2月、河津桜の季節だ。濃いピンク色の花を咲かせる河津桜は、まだ寒い季節にいち早く春の訪れを告げる、早咲きのサクラだ。静岡県河津町にこのサクラの原木があることから、地名を取って「河津桜」と名付けられている。
河津町では町内のあちこちで河津桜が見られ、なかでも町内を流れる河津川沿いの桜並木は壮観だ。サクラの足元には菜の花畑もしつらえられ、色鮮やかな花風景を楽しめる。例年見頃の時期に合わせて河津桜まつりが開催され、多くの観光客で賑わっている。
この時期に歩きたいのが、伊豆急行河津駅の東北方向に位置する河津城山。標高181メートルの低山ではあるが、山頂からは河津の町並みや河津川が眺められ、川沿いがピンク色に染まっているのも見渡せるだろう。海の眺めもよく、天気に恵まれれば伊豆大島まで臨める。河津駅から40分程度で山頂に立てる手軽さも魅力だ。

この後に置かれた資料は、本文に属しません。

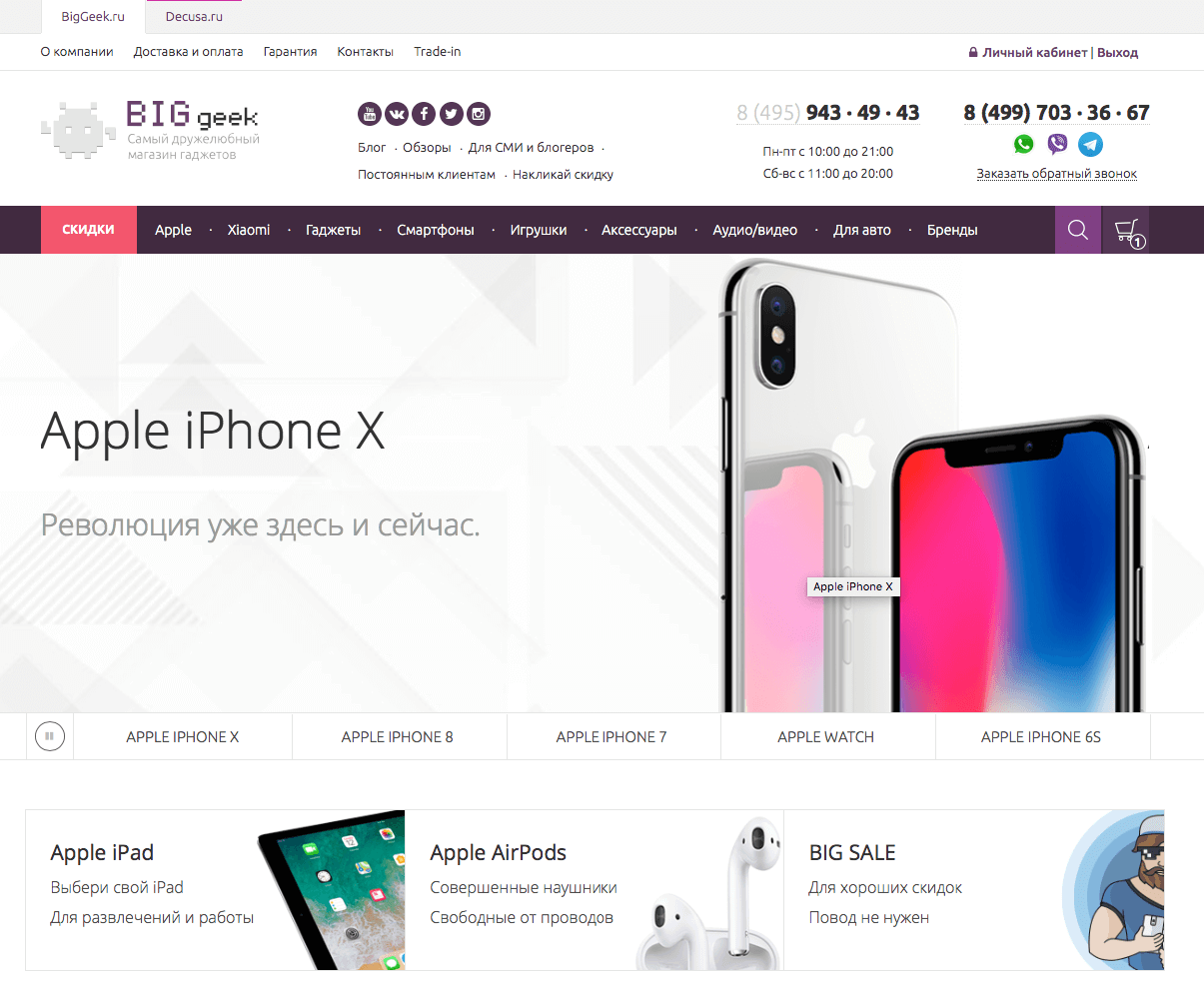 Интернет магазин BigGeek уже долгое является одним из лидеров на рынке продаж мобильных устройств и гаджетов. Также накопленный опыт работы с клиентами позволил им найти общий язык с покупателями и понять, чего они хотят от магазина.
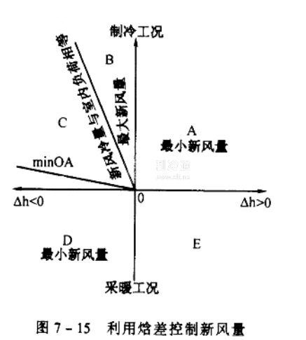 圖7-15是根據(jù)新、回風(fēng)焓差控制新風(fēng)量的分區(qū)圖。對新風(fēng)的利用,可以分為五個(gè)區(qū)。

一昨年、2月半ばに河津町を訪れた。天気がよく、やや肌寒いなかをのんびり歩いて河津城山の山頂を目指した。戦国時代にはこの山頂に河津城が築かれていたそうで、今も登山道の途中には石垣や石畳が少し残っている。おだやかな顔の石仏も見つけてほっこりする。最後にひと登りで山頂に到着。山頂にも河津桜の大木があり、花を咲かせていた。すぐそばにベンチとテーブルがあり、地元の方らしきグループが楽しそうに語らっていた。きっといつもこの時期に来ているんだろうなあ…。